Beware that both of those instructions have synonyms which assemble to the same code: STMEA/STMIA for STM, and LDMFD/LDMIA for LDM.

To decode those instructions let’s first enumerate the registers:

/* see [A2.3] */
enum arm_reg {
    arm_r0 = 1 << 0,
    arm_r1 = 1 << 1,
    arm_r2 = 1 << 2,
    arm_r3 = 1 << 3,
    arm_r4 = 1 << 4,
    arm_r5 = 1 << 5,
    arm_r6 = 1 << 6,
    arm_r7 = 1 << 7,
    arm_r8 = 1 << 8,
    arm_r9 = 1 << 9,
    arm_r10 = 1 << 10,
    arm_r11 = 1 << 11,
    arm_r12 = 1 << 12,
    arm_r13 = 1 << 13,
    arm_r14 = 1 << 14,
    arm_r15 = 1 << 15,

    arm_sp = arm_r13,
    arm_lr = arm_r14,
    arm_pc = arm_r15
};
enum arm_reg arm_reg_int(int v)
{
    return 1 << v;
}

You will see in a moment that this enum mirrors how multiple registers are encoded as bit positions: bit[0] is for r0, bit[7] for r7 and so on. arm_reg_int will come into play when decoding the base register number.

enum thumb_op_ty {
    /* ... */
    thumb_op_push,
    thumb_op_ldm
    /* ... */
};
struct thumb_op {
    enum thumb_op_ty ty;
    union {
        /* ... */
        uint16_t push_regs;
        struct {
            enum arm_reg rn;
            uint16_t regs;
            int wback;
        } ldm;
        /* ... */
    } v;
};

Note how push_regs and ldm.regs use a plain uint16_t instead of enum arm_reg. That is because they will hold a bitmask made up of multiple enumeration variants, while an enum type would suggest that the value exactly matches one of the variants.

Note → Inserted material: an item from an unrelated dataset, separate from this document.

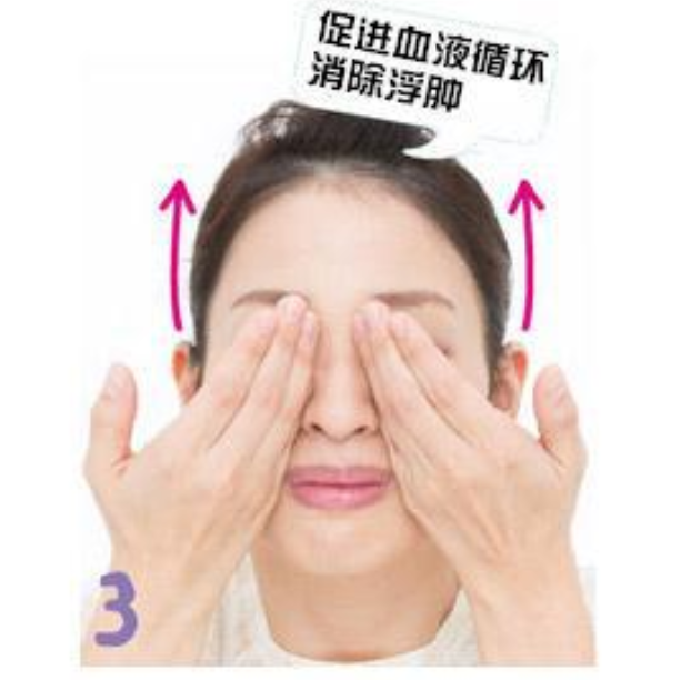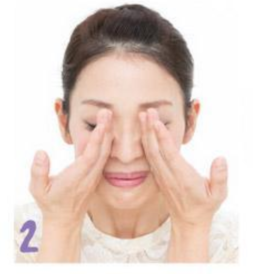 1:用食指和中指从鼻翼两侧开始提拉眼肚,然后缓缓向眼尾提拉,这个方法可以去除鱼尾纹、眼纹,

Now that everything is prepared, let’s first decode PUSH [A6.7.50]:

Encoding T1:
|15|14|13|12|11|10|9|8|7|6|5|4|3|2|1|0|
|-------------------------------------|
| 1| 0| 1| 1| 0| 1|0|M| register_list |

registers = '0':M:000000:register_list;
UnalignedAllowed = FALSE;
if BitCount(registers) < 1 then UNPREDICTABLE;

registers here is a bitmask where bit N selects register N: if registers[0] and registers[14] are 1, PUSH will save registers r0 and r14 (lr). The concatenation in the pseudocode is just another way of saying that bit M selects register r14. The check for BitCount(registers) < 1) specifies that you must select at least one register.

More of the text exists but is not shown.